Thursday, November 24, 2011
The Culminating, Superb "Miss Gandy"
Last night I saw the new, nearly perversely static Clint Eastwood-directed movie, J. Edgar. Sitting through this bizarre film (awards for makeup and costumes, for sure), it was hard not to think about my father's FBI records, some 800 pages on Sidney Kaufman gathered over nearly forty years, especially given that Helen Gandy and Clyde Tolson were the two supporting characters in the film. Here is some of what I wrote about them in The Memory Of All That:
"There is a marvelous rubber-stamped list of names of FBI personnel to whom copies of the Kaufman documents were circulated. This was their work; this is what they got up every day to do — process this Confidential, Classified, Secret, and Top Secret information about my father. I like to imagine them, sitting at their desks, typewriters clacking and phones ringing in the background, like a newsroom. There is much to do, fresh reports on the Subject: Sidney Kaufman to pore over, there is new information gathered by SA [redacted] or reported by “[redacted], an informant who has in the past furnished us with reliable information” (or even better, information provided by the occasional “[redacted], an informant who has in the past furnished us with reliable and unreliable information”). Presumably there were reports written about these reports. Individuals must have been assigned to analyze and come to conclusions about the information that had been so painstakingly compiled about the Subject: Sidney Kaufman. Meetings must have occurred, decisions must have been made about further interviews with informants reliable and unreliable, and all those pretext phone calls must have been scripted and scheduled. And all of the reports were typed up, copied, circulated, and filed with all the other accumulated Sidney Kaufman information.
By the late sixties, the rubber-stamped copy list had been streamlined to simple names, but I must admit to a preference for the more traditional earlier iterations, when each name is given the honorific “Mr.” and then there is the culminating, superb “Miss Gandy.” This list of names reads:
Mr. Tolson
Mr. Boardman
Mr. Nichols
Mr. Belmont
Mr. Harbo
Mr. Mohr
Mr. Parsons
Mr. Rosen
Mr. Tamm
Mr. Sizoo
Mr. Winterrowd
Tele. Room
Mr. Holloman
Miss Gandy
I really love this list, which changes only slightly through the years of documentation of Sidney Kaufman’s activities. It is a sequence of names rich in possibility, yet, seeing it repeat throughout the pages of these files, it becomes reliable and familiar, like a wallpaper pattern or a melody. The names, when seen again and again, start to have a delightful rhythm and inevitability that invite memorization, like the presidents of the United States, or Latin declensions.

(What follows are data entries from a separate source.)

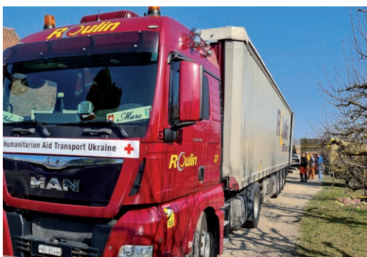
28 marca dotarł do Kleszczowa TIR z pomocą zebraną w Szwajcarii

• Kleszczów był obok Wrocławia jednym z dwóch miejsc, do których trafiły dary zbierane przez firmę DYNA ECO SOL w Szwajcarii. Były to m.in. artykuły medyczne, spożywcze higieniczne, koce i ubrania. Przywiezione do Kleszczowa dary zostały przekazane również na potrzeby uchodźców do Radomska, Bełchatowa i Piotrkowa Tryb.
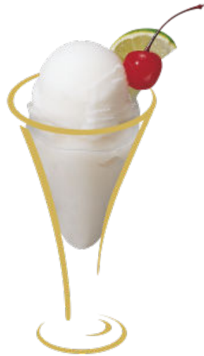
Colonel Sorbet Citron arrosé de Vodka Fr. 9.50
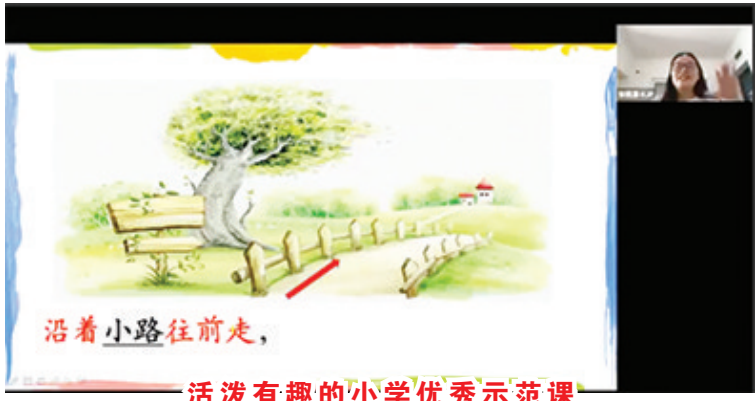
活泼有趣的小学优秀示范课

再看一遍，仔细思考哪些方面出了问题，做“真学问”，不断探索，不断进步！ 时代正高歌猛进，培民教师们正积极拥抱变化，勇敢迎接挑战，激发学生求知欲望，启迪学生人生智慧，助力每个学生成为更好的自己！ 印尼培民学校三宝垄校区 何伟兰
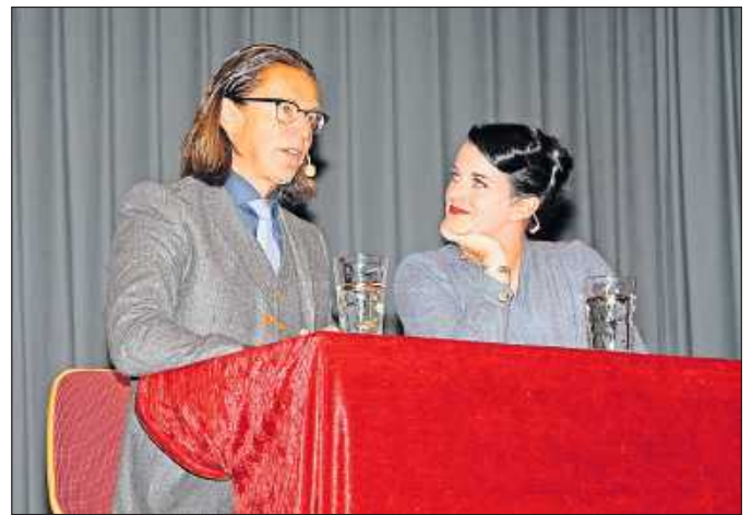
Bald mit „Elwenfels 3“ live zu erleben: die Habekosts.

Zur Story: Der den Lesern der „Elwenfels“-Saga hinlänglich bekannte Privatdetektiv Carlos Herb hat sich in Hamburg mit der Mafia angelegt und sucht Zuflucht in Elwenfels. Gleichzeitig ist eine Gruppe spiritueller Aussteiger angereist, um hier die Erleuchtung zu suchen. Zuerst sieht es so aus, als könnten
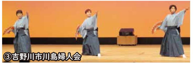
③吉野川市川島婦人会
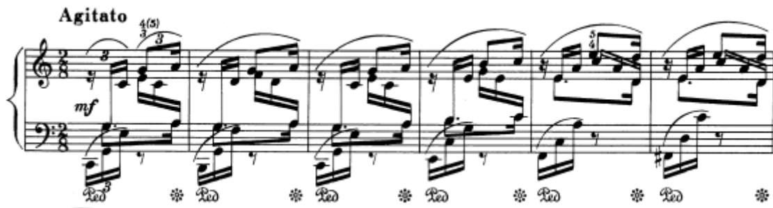
Slika 3. Preludij br. 1 u C-duru, taktovi 1 - 6

Brojni izvori ističu da tonalitetom i građom, s temeljem u isprekidanim akordima, uvelike podsjeća na Bachov prvi Preludij iz zbirke „Dobro ugođeni klavir“. Schumann ga opisuje kao strastveno disanje . Oznaka ovog preludija je agitato , uzbuđeno, označujući veličanstven početak ciklusa. Ta oznaka daje slobodu u tempu omogućujući izvođaču sviranje svake fraze do kraja odslušano i dinamički bogato. Chopinov akordički zapis šesnaestinki može značiti da sveukupni zvuk treba odavati dojam akorada koji se harmonijski mijenjaju, što se postiže svirajući šesnaestinke legato , a ne preartikulirano i odvojeno.
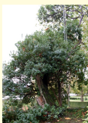
Érbedo do Pazo de Mariñán. É o máis antigo e grande de Galicia. Mide 16,50 m de altura e ten 150 anos.
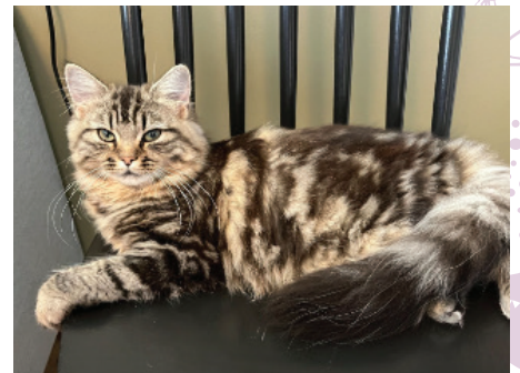
Huskatt ( Felis catus )
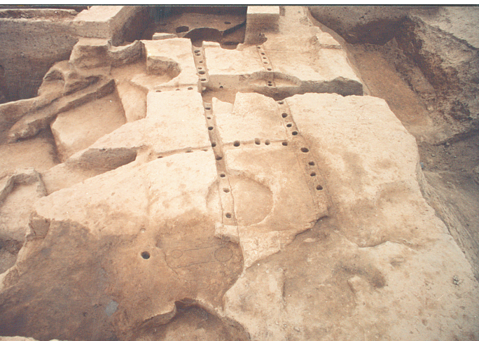
西山遗址西北隅城墙平面
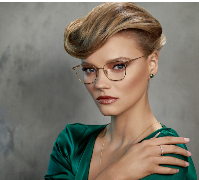
『MASUNAGA since 1905』
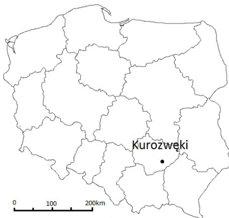
Rysunek 1. Położenie obszaru badań na tle mapy konturowej Polski z podziałem administracyjnym na województwa

Badaniami ankietowanymi objęto turystów odwiedzających Zespół Pałacowy w Kurozwękach. Miejscowość, w której znajduje się ten obiekt, jest zlokalizowana w południowo-wschodniej części województwa świętokrzyskiego (rys. 1). Miejsce to do niedawna nie wzbudzało zainteresowania turystów, obecnie zaś Kurozwęki stają się atrakcją o ponadregionalnym znaczeniu (Zieliński, 2012b) i są chętnie odwiedzane przez dziesiątki tysięcy turystów (rys. 2) z różnych zakątków Polski (rys. 3). Kurozwęki swój sukces turystyczny zawdzięczają pałacowi, który powrócił w ręce spadkobierców i przeszedł generalny remont, a otaczający go park odzyskał urok. W odrestaurowanej posiadłości stworzono szereg inwestycji, na bazie których powstał Zespół Pałacowy. Warto jeszcze podkreślić, że w ostatnich latach większego znaczenia w turystyce nabierają także inne obszary zlokalizowane
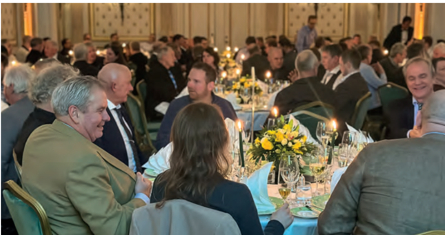
Jubileumsmiddag på Hotel Bristol, der omtrent 120 personer fra hele bransjen deltok.
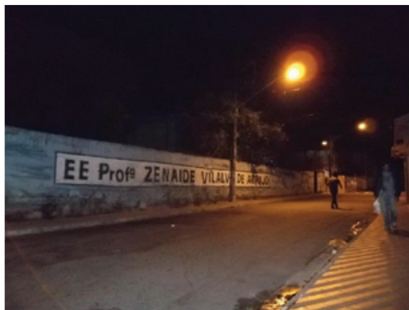
O entorno da EE Zenaide Vilalva ganhou nova iluminação
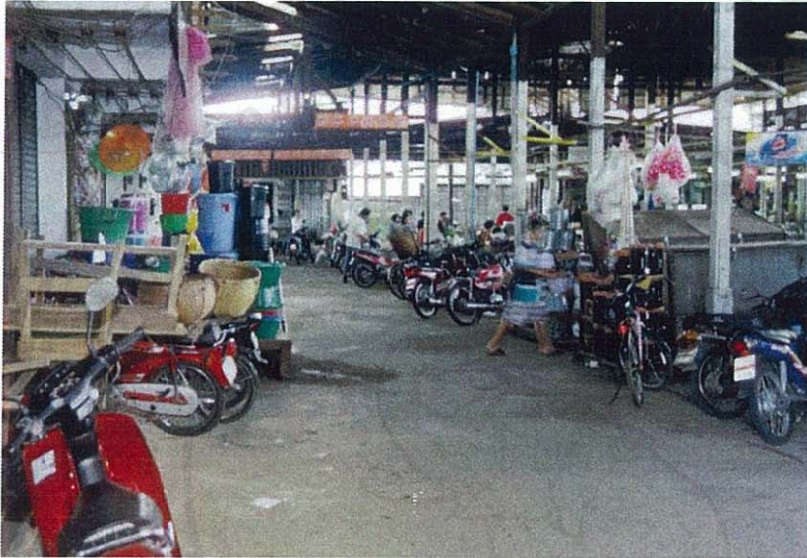
ภาพที่ 3 ด้านหลังตลาดด้านในตัวอาคาร
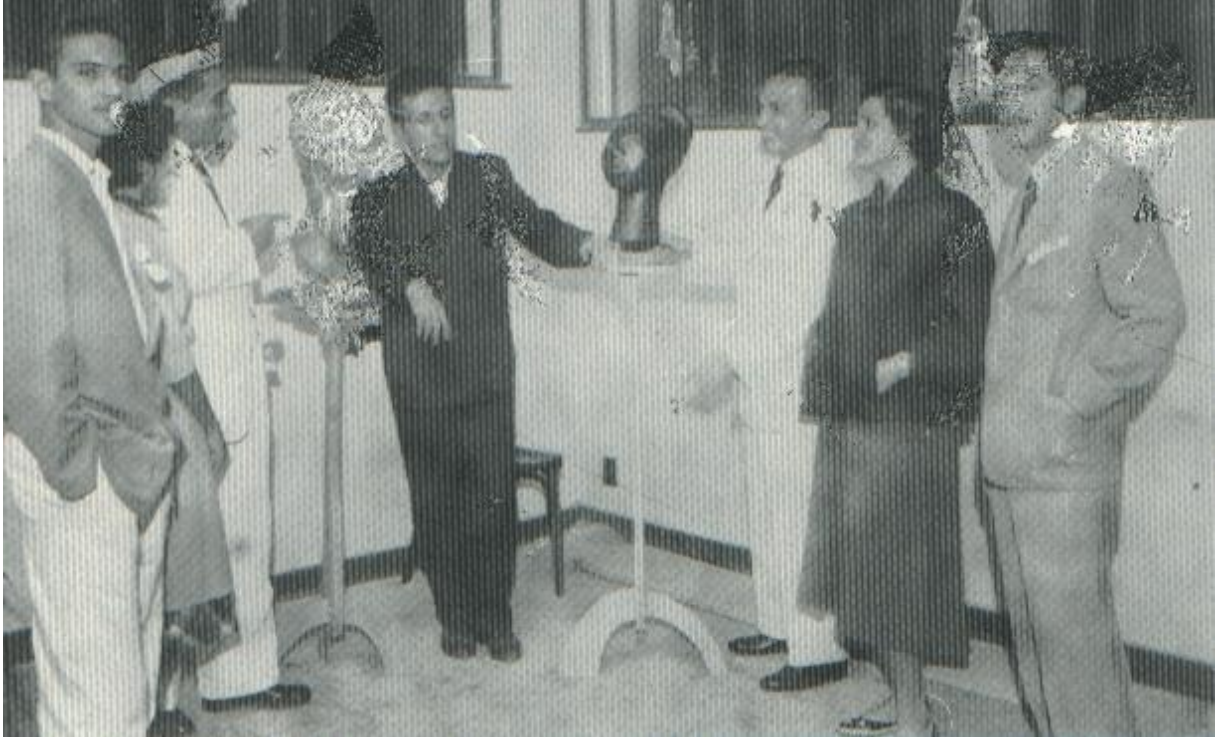
Imagem 05 - Livro Memória Fotográfica de Feira de Santana página 193.

anúncio do Jornal Folha do Norte que trazia o anúncio dos Irmãos Trindade na Rua Conselheiro Franco, nº 100, no Edifício do Banco Econômico, sala 03 (Jornal Folha do Norte Ano XLV, nº 2417, dia 05 de novembro de 1955).
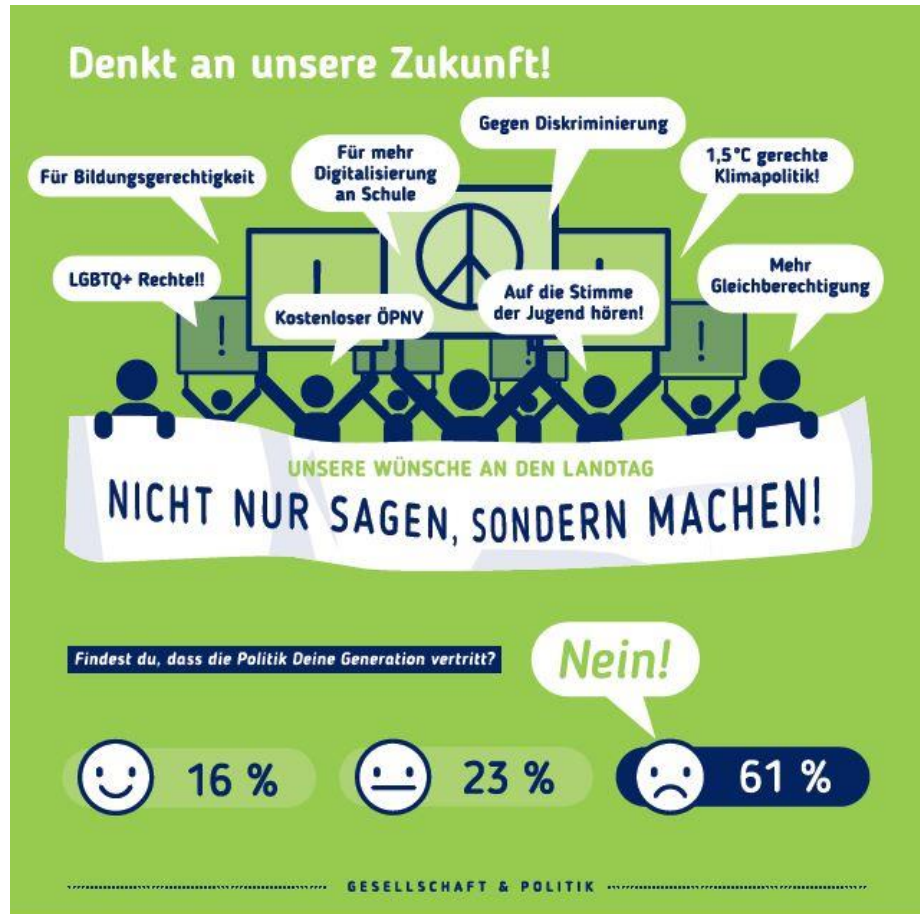
Jugendbefragung 2.2 (Jugendrat des Kinderschutzbundes SH)

The roster of FBI employees who were copied on the steady flow of classified information about Sidney Kaufman over all those years is intriguing. Clyde Tolson was Associate Director of the FBI and J. Edgar Hoover’s sidekick. Lou Nichols and Alan H. Belmont were Assistant Directors. John P. Mohr was head of five FBI divisions; he was the number three man after Tolson in FBI hierarchy. Alex P. Rosen was the FBI supervisor on the John Dillinger case and on the Lindbergh baby kidnapping. Joseph A. Sizoo was in the Domestic Intelligence Division. E.A. Tamm was an Associate FBI Director. Frank C. Holloman was s supervisor in the FBI Headquarters in the Crime Records Section, the Fugitive Desk, Plant Survey Section, Special Intelligence Section, Informant Section, and the Records Division.
“Miss Gandy” was Helen W. Gandy, J. Edgar Hoover’s ferocious and devoted executive assistant for fifty-four years. It is known that over a period of months following his death in 1972, she destroyed tens of thousands of pages of his “personal” files thought to contains the fruits of illegal wiretaps and a vast array of incriminating information about numerous public figures and government officials and their family members, as well as detailed reports from the spies Hoover maintained in every White House administration. Her devotion to the FBI and J. Edgar Hoover was that of a nun’s devotion to the Church and the Pope. Their relationship was decidedly odd; Hoover never once called her by her first name. Her mother was painted by Thomas Eakins.
J. Edgar Hoover is not on this list, because just about every document in my father’s files is a memo to The Director. The FBI surveillance of Sidney Kaufman that began in 1936 and apparently ended in 1972 is almost identical to the span of Hoover’s FBI Directorship."